*** Opening of EXERCISE INPUT ***

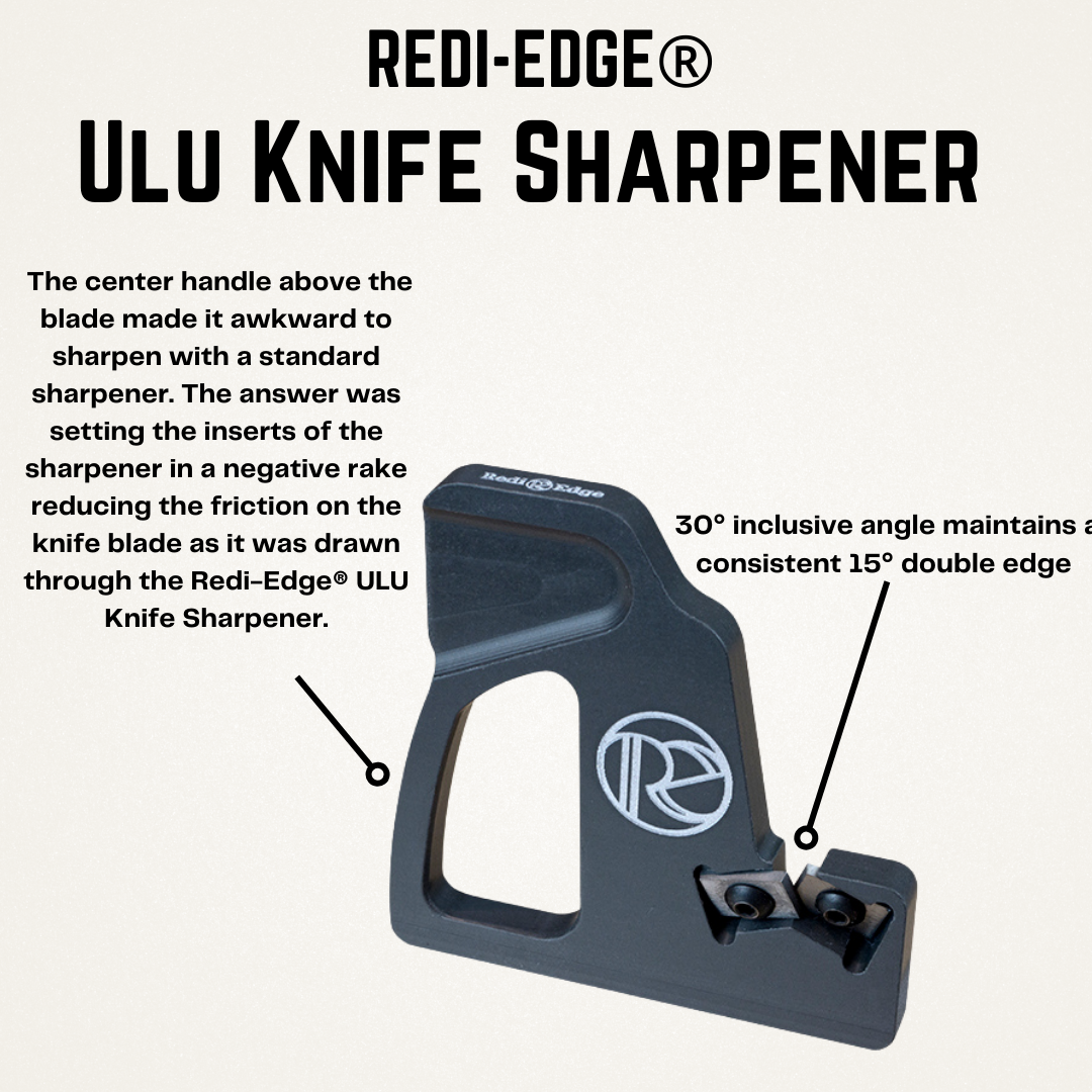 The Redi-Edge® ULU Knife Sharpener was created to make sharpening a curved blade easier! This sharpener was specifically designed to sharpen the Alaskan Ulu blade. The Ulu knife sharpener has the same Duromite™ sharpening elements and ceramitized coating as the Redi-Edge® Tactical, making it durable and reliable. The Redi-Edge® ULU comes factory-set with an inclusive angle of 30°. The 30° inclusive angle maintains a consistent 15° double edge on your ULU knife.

*** Close of EXERCISE INPUT ***
*** Opening of EXERCISE INPUT ***

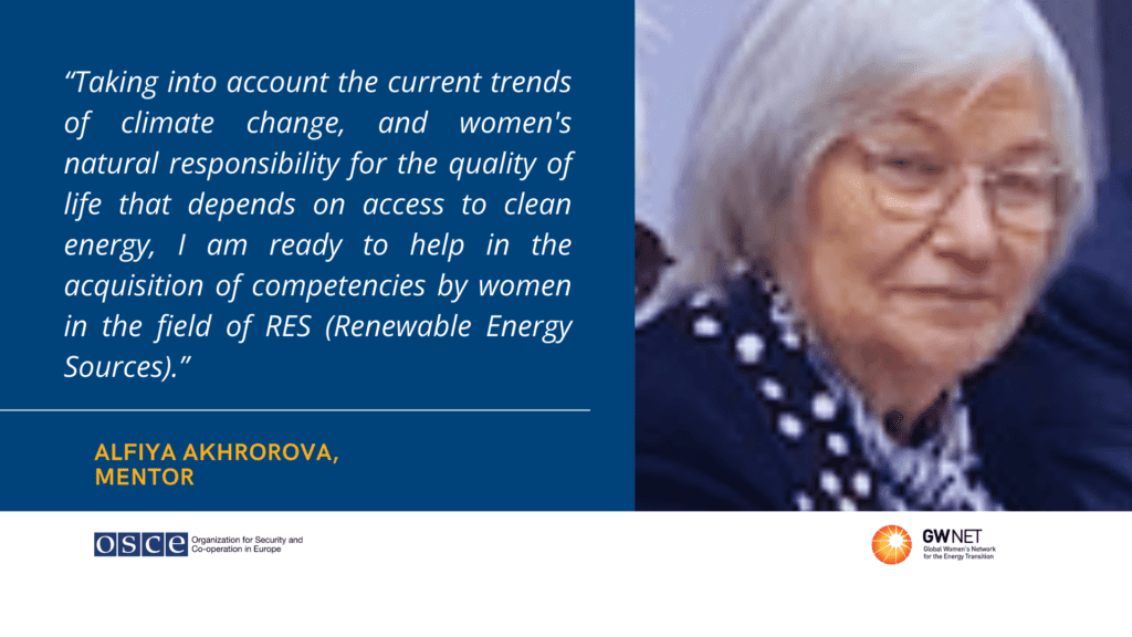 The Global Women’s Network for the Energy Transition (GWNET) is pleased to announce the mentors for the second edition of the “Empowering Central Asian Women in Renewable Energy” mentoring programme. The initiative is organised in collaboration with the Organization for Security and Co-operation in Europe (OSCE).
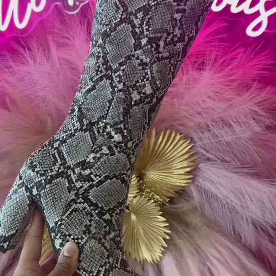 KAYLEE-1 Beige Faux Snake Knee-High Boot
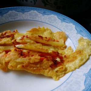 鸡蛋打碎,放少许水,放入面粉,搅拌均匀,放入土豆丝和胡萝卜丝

*** Close of EXERCISE INPUT ***

**INSTRUCTIONS TO FOLLOW**:
Using the entries above, extract exactly the lines from the one that contains "KAYLEE-1 Beige Faux Snake Knee-High Boot" through the one that contains "鸡蛋打碎,放少许水,放入面粉,搅拌均匀,放入土豆丝和胡萝卜丝". Do not carry over any pictures.

**EXPECTED ANSWER**:
 KAYLEE-1 Beige Faux Snake Knee-High Boot
 鸡蛋打碎,放少许水,放入面粉,搅拌均匀,放入土豆丝和胡萝卜丝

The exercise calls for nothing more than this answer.